Abhilfe gegen schöngefärbte Wikipedia-Artikel

von @ 10:27. abgelegt unter Informationszeitalter, Wikipedia, Medienmanipulation, Bürgerjournalismus

Kennern des politischen und wirtschaftlichen Lebens in Deutschland ist seit langem schon geläufig, dass Artikel in der Wikipedia dank intensiver Pflege durch diejenigen, die der Artikel betrifft, oft nicht mehr als reichlich schön gefärbte Selbstdarstellungen sind. Nachdem vor ein paar Wochen der Wikiscanner erschienen ist, mit dem ein Teil der Manipulationen sichtbar geworden sind, ist es nun auch allgemein bekannt geworden, dass Wikipedia zu großen Teilen aus interessengeleiteten Passagen besteht. Vergessen wurde bisher meist zu erwähnen, dass die durch den Wikiscanner aufgeflogenen tendenziellen Edits wohl nur die Spitze eines Eisbergs sind. Mein Parteibuch ist der Auffassung, dass das nicht zurückverfolgbare Schönschreiben des Wikipedia-Eintrags zu ihrem Arbeitgeber zu den üblichen Aufgaben von Mitarbeitern der Abgeordneten gehört.

Vor zwei Jahren wurde deshalb mit dem Parteibuch Wiki angefangen, in einem von der Wikipedia unabhängigen Wiki gezielt kritische Betrachtungen von Themen wie Politikern, Wirtschaft, Medien und Rechtswesen zu sammeln. Dabei wurde der in der Wikipedia erhobene Anspruch der Neutralität als eine vom Standpunkt des Betrachters abhängige Illusion aufgegeben und kleinere unabhängige Quellen wie Blogs werden in der Glaubwürdigkeit tendenziell höher bewertet als Massenmedien, die durch kommerziellen oder politischen Druck steuerbar sind.

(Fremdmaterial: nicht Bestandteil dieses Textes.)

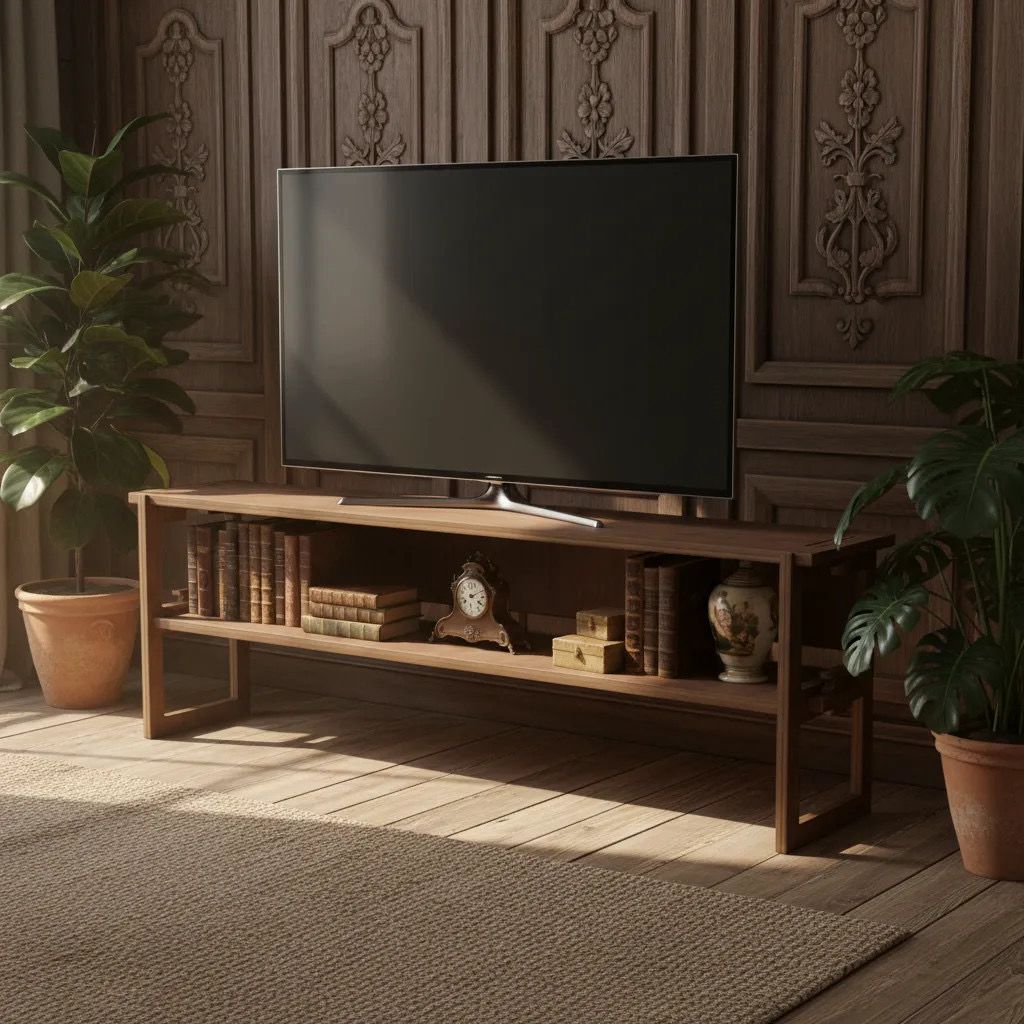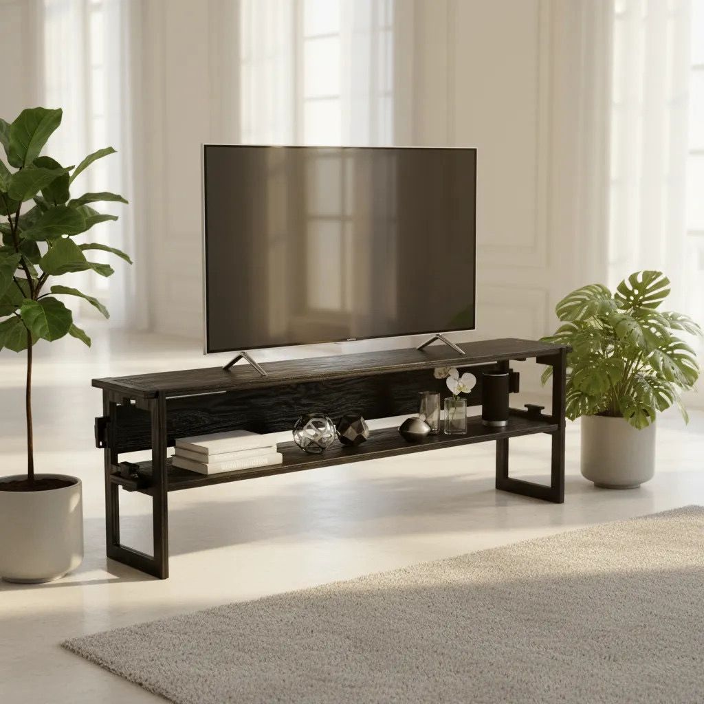 Its sturdy shelving system safely carries heavy electronic devices.

Wikipedia verfolgt als ideologische Leitlinie das Ziel der Neutralität und hat als inhaltliches Vorbild die Enzyklopädia Britannica. Die Glaubwürdigkeit von Quellen wird dabei oft nach der Größe des Mediums beurteilt. Diese Leitlinien werden in der Wikipedia immer wieder dazu missbraucht, um kritische Betrachtungen aus Artikeln zu entfernen. In Editwars, die darauf manchmal folgen, haben oft diejenigen den längeren Atem, die für sie unangenehme Kritik aus eigennützigen Gründen unterdrücken wollen.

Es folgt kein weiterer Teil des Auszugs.